> DIRECTIONS
The pictures get left out, but everything else in the listing below must be duplicated exactly.

> RECORDS FOR THIS TASK
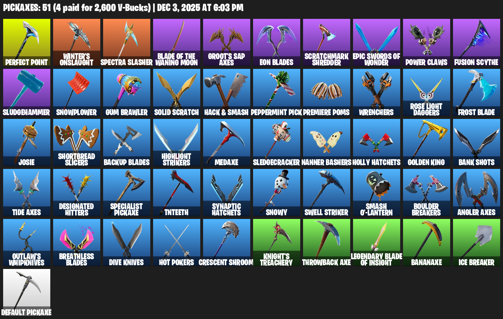 Perfect Point, Winter’s Onslaught, Blade of the Waning Moon, Groot’s Sap Axes, Eon Blades, Scratchmark Shredder, Power Claws, Sludgehammer, Snowplower, Gum Brawler, Solid Scratch, Hack & Smash, Peppermint Pick, Premiere Poms, Wrenchers, Rose Light Daggers
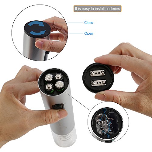 NOTE: 1.First to use the Electric Wine Opener you should Load the 4 AA battery(not included). 2. For your safety,never useyour hand or fingers to touch the bottom of the opener and keep it away from children to avoid any hurt. 3. Don't wash the opener with water,or soak it intowater 4.Read carefully the user manual before using
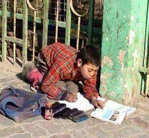 In the corner of a busy street, a young boy kneels on cold pavement, bent over his schoolbook with complete focus. Beside him lies a small bag of shoe polish and brushes—tools of his daily work. Between shining shoes for a living and studying in stolen moments, he is building a bridge to a better tomorrow. 🌅💪
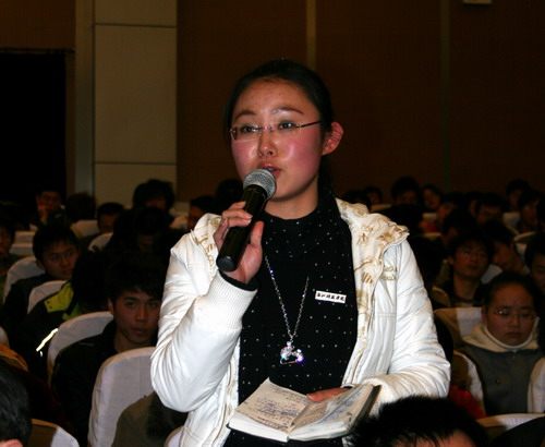 学生安静聆听,提问有序,会场气氛融洽,互动愉悦。
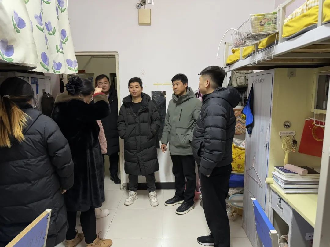在樊洪深部长和袁挺书记、李广辉书记带领下,辅导员们深入员工宿舍,走进标准宿舍进行参观。这些宿舍不仅物品摆放整齐、地面干净整洁,而且室内布置温馨有序,充分展现了同学们良好的生活习惯和积极向上的宿舍文化。
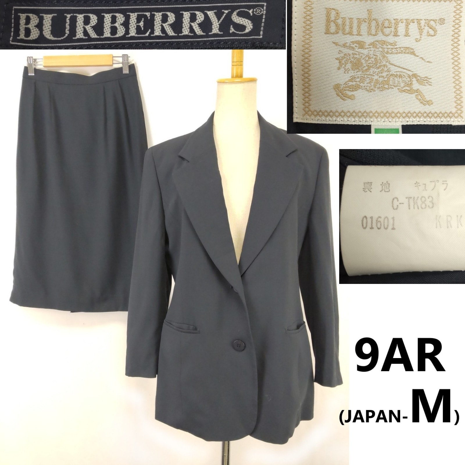 90s/vintage/美品★Burberrys/バーバリー★春夏/ロングスカート スーツ/上下セットアップ【9AR/レディースM/オリーブグレー】Jacket/Skirt◆BJ115-d
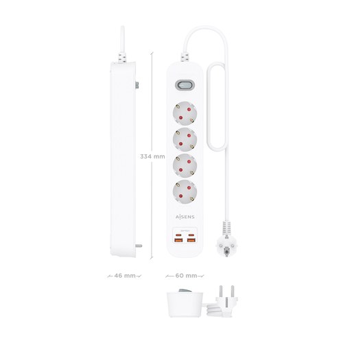 Regleta de enchufes con interruptor, 4 tomas Schuko, 2 puertos USB-C y 2 puertos USB-A. Incorpora un cable de alimentación de 1.4 metros con sección de 3x1.5mm².
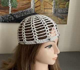 Chapeau Toque hat hut hoed hattur gorro chapéu cappello handmade Blanc paillettes perles argentées Taille unique Fait main crochet
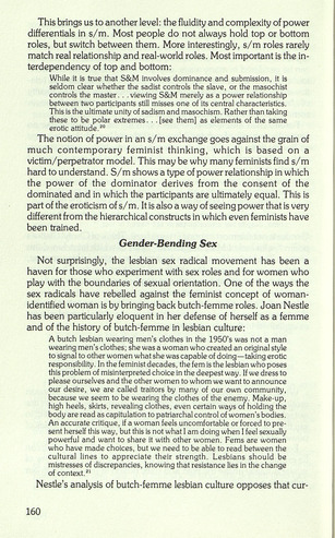 Collection: Newspaper and Periodical Clippings (1950-2000) Institution: Independent Voices Creator: Nichols, Margaret Date: 1987 Topics: Autonomy, Butch-femme relationships, Butches, Clothing, Feminism, Gender role, Lesbian community, Lesbian culture, Patriarchy, Sexual relationships, Sexual roles, Sexuality, Soft butches -

> SOLUTION FOR THIS TASK
 Perfect Point, Winter’s Onslaught, Blade of the Waning Moon, Groot’s Sap Axes, Eon Blades, Scratchmark Shredder, Power Claws, Sludgehammer, Snowplower, Gum Brawler, Solid Scratch, Hack & Smash, Peppermint Pick, Premiere Poms, Wrenchers, Rose Light Daggers
 NOTE: 1.First to use the Electric Wine Opener you should Load the 4 AA battery(not included). 2. For your safety,never useyour hand or fingers to touch the bottom of the opener and keep it away from children to avoid any hurt. 3. Don't wash the opener with water,or soak it intowater 4.Read carefully the user manual before using
 In the corner of a busy street, a young boy kneels on cold pavement, bent over his schoolbook with complete focus. Beside him lies a small bag of shoe polish and brushes—tools of his daily work. Between shining shoes for a living and studying in stolen moments, he is building a bridge to a better tomorrow. 🌅💪
 学生安静聆听,提问有序,会场气氛融洽,互动愉悦。
在樊洪深部长和袁挺书记、李广辉书记带领下,辅导员们深入员工宿舍,走进标准宿舍进行参观。这些宿舍不仅物品摆放整齐、地面干净整洁,而且室内布置温馨有序,充分展现了同学们良好的生活习惯和积极向上的宿舍文化。
 90s/vintage/美品★Burberrys/バーバリー★春夏/ロングスカート スーツ/上下セットアップ【9AR/レディースM/オリーブグレー】Jacket/Skirt◆BJ115-d
 Regleta de enchufes con interruptor, 4 tomas Schuko, 2 puertos USB-C y 2 puertos USB-A. Incorpora un cable de alimentación de 1.4 metros con sección de 3x1.5mm².
 Chapeau Toque hat hut hoed hattur gorro chapéu cappello handmade Blanc paillettes perles argentées Taille unique Fait main crochet
 Collection: Newspaper and Periodical Clippings (1950-2000) Institution: Independent Voices Creator: Nichols, Margaret Date: 1987 Topics: Autonomy, Butch-femme relationships, Butches, Clothing, Feminism, Gender role, Lesbian community, Lesbian culture, Patriarchy, Sexual relationships, Sexual roles, Sexuality, Soft butches -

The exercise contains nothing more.